Now that the optimisers require derivatives, we need to compute the derivatives efficiently and accurately. There are three main techniques that have been successfully used in machine learning: numerical [59], symbolic [60] and automatic differentiations [8]. After the release of TensorFlow 1.0 in 2015, static computational graphs was the standard data structure for representing NNs, which was later substituted with dynamic computational graphs in PyTorch [61, 62]. These libraries use forward-mode or reverse-mode automatic differentiation to compute the derivatives within a computational graph [63]. The automatic differentiation computes the derivative of the loss with respect to weights using the chain rule [64] in differential calculus with a hard-coded expression for the derivative of simple functions [65].
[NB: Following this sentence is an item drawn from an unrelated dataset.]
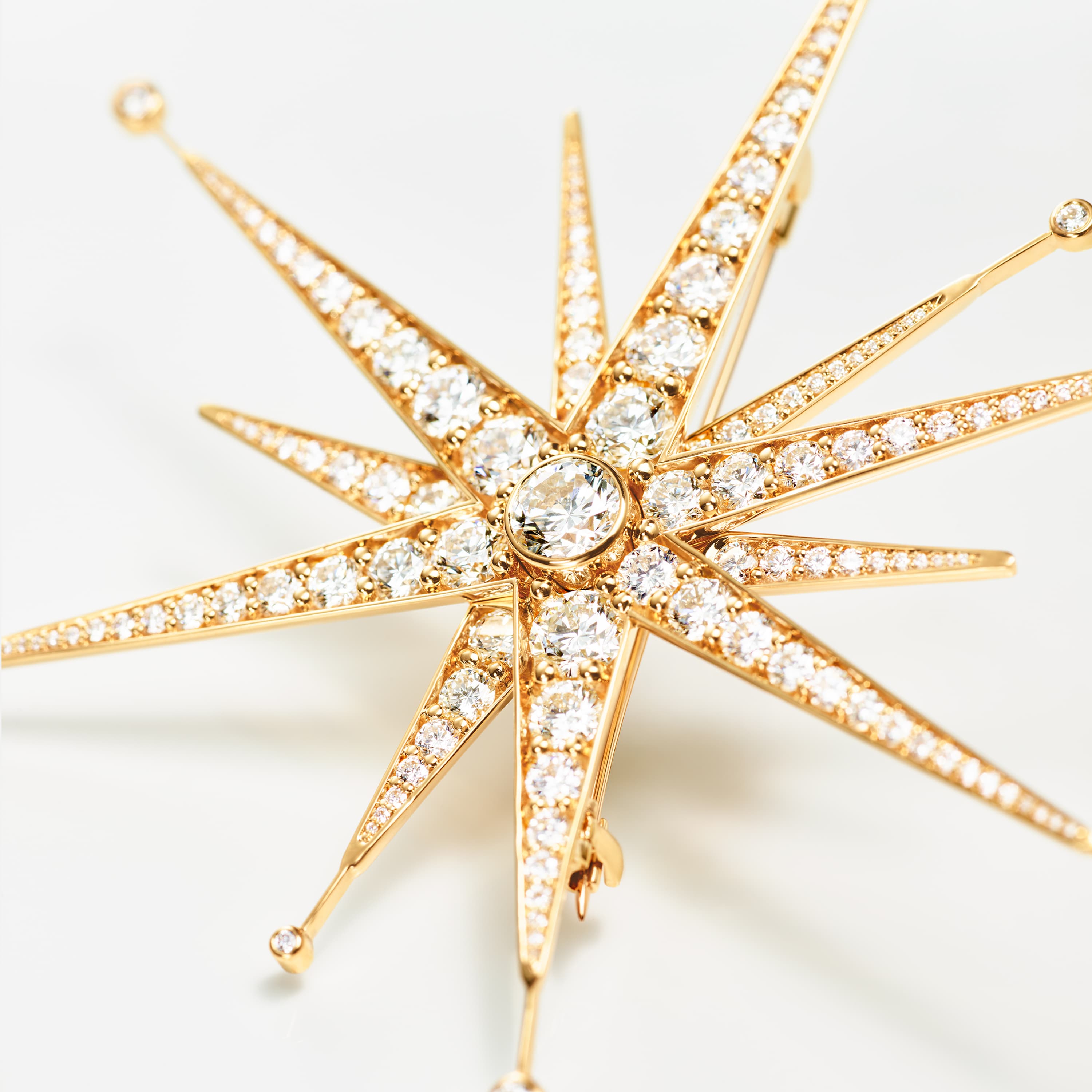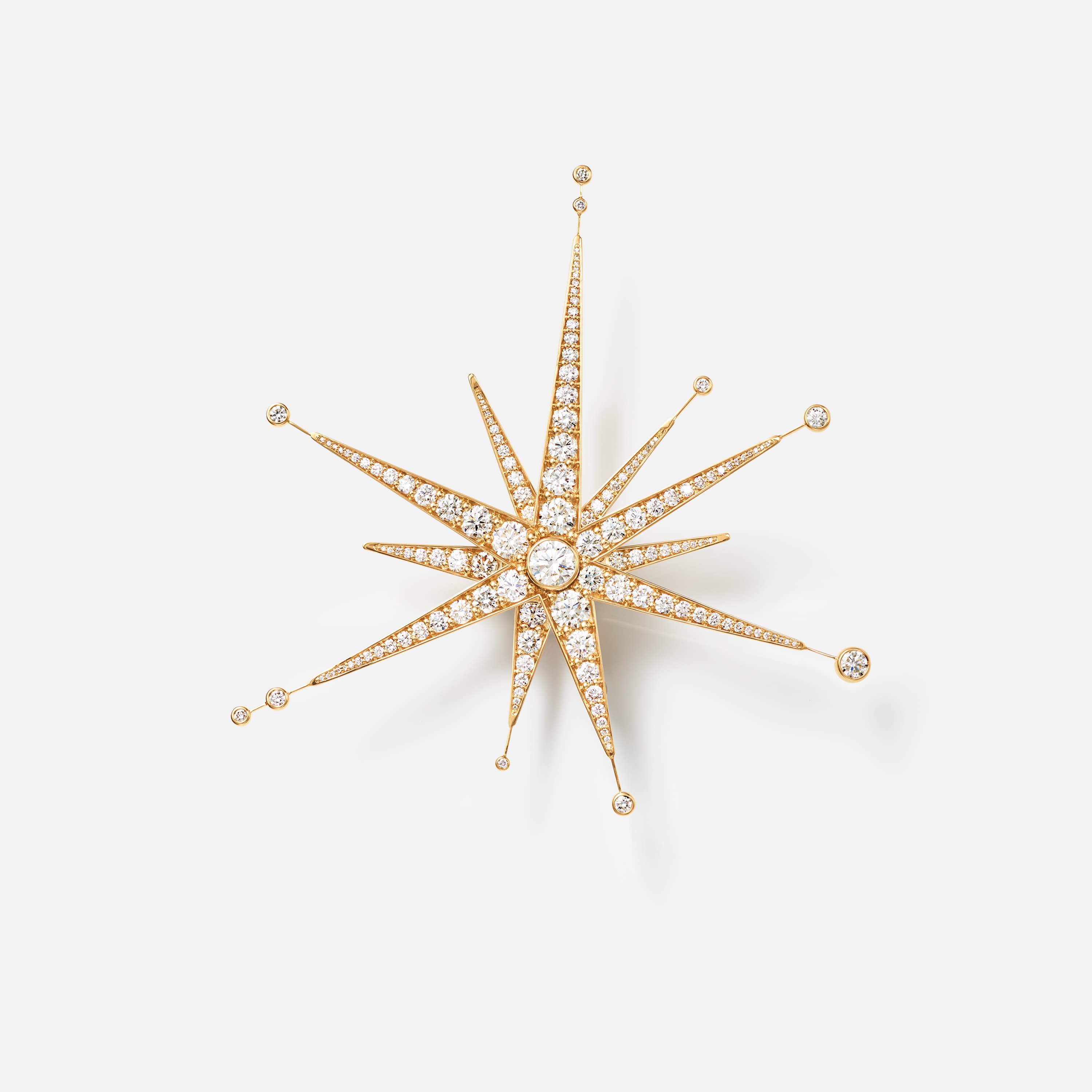 Designed by Charlotte Lynggaard, the Funky Stars brooch is crafted in 18 karat yellow gold set with 148 diamonds totalling 8.38 carat. TW VS. Diamonds of varying sizes come together in a captivating, one-of-a-kind formation. Handcrafted by master goldsmiths. Part of The Funky Stars Collection.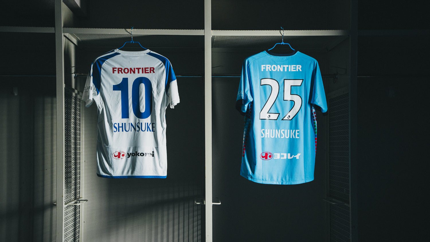 クラブカラーの「HAMABLUE」をベースカラーにサイドの部分には、所属した6クラブへの感謝を伝えたいという中村俊輔氏の想いを汲み取り、6クラブのクラブカラーを年代順に並べ、プロ26年の歴史を表現。俊輔氏が愛したもう一つの背番号「25」を背負い、26年間の想いが詰まったユニフォームを纏う。

Let us say that we are using the gradient-descent method (Eq. 6) for optimising the weight/parameters.

$${\varvec{w}}^{\left( k\right) }:={\varvec{w}}^{\left( k\right) } -\alpha \frac{\partial J}{\partial {\varvec{w}}^{\left( k\right) }},$$

(6)

where k is the kth layer and $\alpha$ is a constant often referred to as the learning rate, a hyperparameter. It tells the optimiser the amount of perturbation the weights should attain in each epoch [66]. An epoch is a complete cycle of forward pass and backpropagation on the whole dataset.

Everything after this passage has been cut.